Ele escreveu da mesma forma que Charles Baudelaire, ambos entediados com
suas cidades. Estes dois flaneurs tinham, entretanto, queixas distintas. Álvares de Azevedo
queixava-se da falta de progresso e civilização de São Paulo, enquanto Charles Baudelaire
queixava-se da modernização e da velocidade de sua Paris. Isso é relevante pois mostra que
para o verdadeiro “Spleen” adolescente a realidade externa, como tal, não importa tanto, como
veremos a seguir..
“Nunca vi lugar tão insípido, como hoje está São Paulo. Nunca vi coisa mais tediosa e
inspiradora de spleen... a vida aqui é um bocejar infindo”.
Álvares de Azevedo escreveu em Lira dos Vinte Anos uma série de versos aos
quais ele deu o título de Spleen e Charutos, onde sua, digamos, filiação ao “Spleen” fica mais
uma vez caracterizada. Não querendo tirar do leitor o prazer de procurar ele mesmo a leitura das
obras de Álvares de Azevedo, quero trazer um dos poemas da série Spleen e Charutos, e
comentá-lo, na medida do possível e de forma breve, sob o olhar da psicanálise, deixando o leitor
completar a tarefa.
Solidão
Alguns críticos, como Jaci Monteiro, consideram que um dos poemas mais
significativos de Álvares de Azevedo é aquele onde ele comenta sobre o poeta Lamartine,
escrevendo que “Ossian o bardo é triste como a sombra que povoa seus cantos”, onde
“Lamartine é monótono e belo como a noite, como a lua sobre o mar e como o murmúrio das
ondas... Mas choraminga uma eterna melodia, tem a lira de seu um gênio uma só corda... “. O
“Spleen”, então, se caracteriza não só pelo tédio, como também pela monotonia e pela
superficialidade , em lugar de um viver criativo, como veremos adiante e como escreveu o poeta:
“monótono...murmúrio sobre o mar...eterna melodia...lira de uma só corda”.
Um adolescente “desmotivado”
Alfredo tem dezesseis anos e não apresenta “maiores problemas”. Concorda
com a sugestão dos pais, que o acham “desmotivado”, para que procure uma ajuda psicológica.

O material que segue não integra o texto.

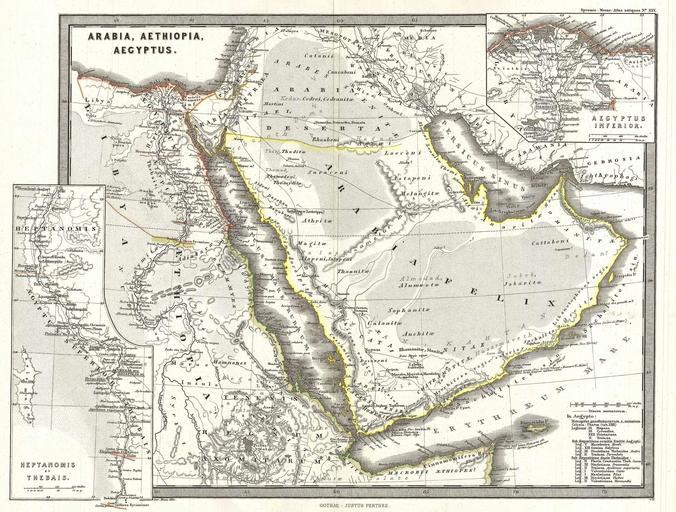 | Keywords: 1865 Spruner Map of Arabia and Egypt in Antiquity - Geographicus - Arabia-spruner-1865.jpg A particularly interesting historic map this is Karl von Spruner ™s 1865 rendering of Arabia Aethiopia Ethiopia and Egypt Aegyptus in antiquity Centered on the Red Sea or Mare Rubrum this map covers the entirety of the Arabian Peninsula the Persian Gulf and the Nile Valley as far south as Lake Tana Pseuba the source of the Blue Nile Like most of Spruner ™s work this map overlays ancient political geographies on relatively contemporary physical geographies thus identifying the sites of forgotten towns and villages the movements of armies and the disposition of lands in the region This particular example includes both ancient Latin and more contemporary Arabic names transliterated of course for many important regions and sites Additionally two inset maps are offered In the lower left hand quadrant a map labeled Heptanomis et Thebais focuses on the course of the Nile from Heptatnomis near Fayum south to just past modern day Aswan covering in the process many of the ancient Egyptian cities now submerged under the waters of Lake Nasser Another inset in the upper right quadrant focuses on the fertile Nile Delta forming an inverted triangle between Alexandria Memphis and Casluch As a whole the map labels important cities rivers mountain ranges and other minor topographical detail Territories and countries outlined in color The whole is rendered in finely engraved detail exhibiting the fine craftsmanship for which the Perthes firm is known 1865 undated Size in 16 13 object history credit line accession number Arabia-spruner-1865 Spruner Karl von <i>Spruner-Menke Atlas Antiquus </i> Gotha Justus Perthes 1865 Geographicus-source PD-old-100 Karl Spruner von Merz Old maps of the Middle East 1865 maps |

A entrevista com os pais, e as subseqüentes com o jovem, não revelam nenhuma condição
particular que justifique sua dificuldade, “tédio” ou “desânimo”, como ele diz Não é exatamente
uma “tristeza” ou algo que configure uma depressão, no sentido psicopatológico habitual. Durante
a infância não apresentava esses sintomas e brincava e se relacionava com facilidade. Era uma
criança alegre e disposta. O sentimento que é agora referido começou há cerca de dois anos.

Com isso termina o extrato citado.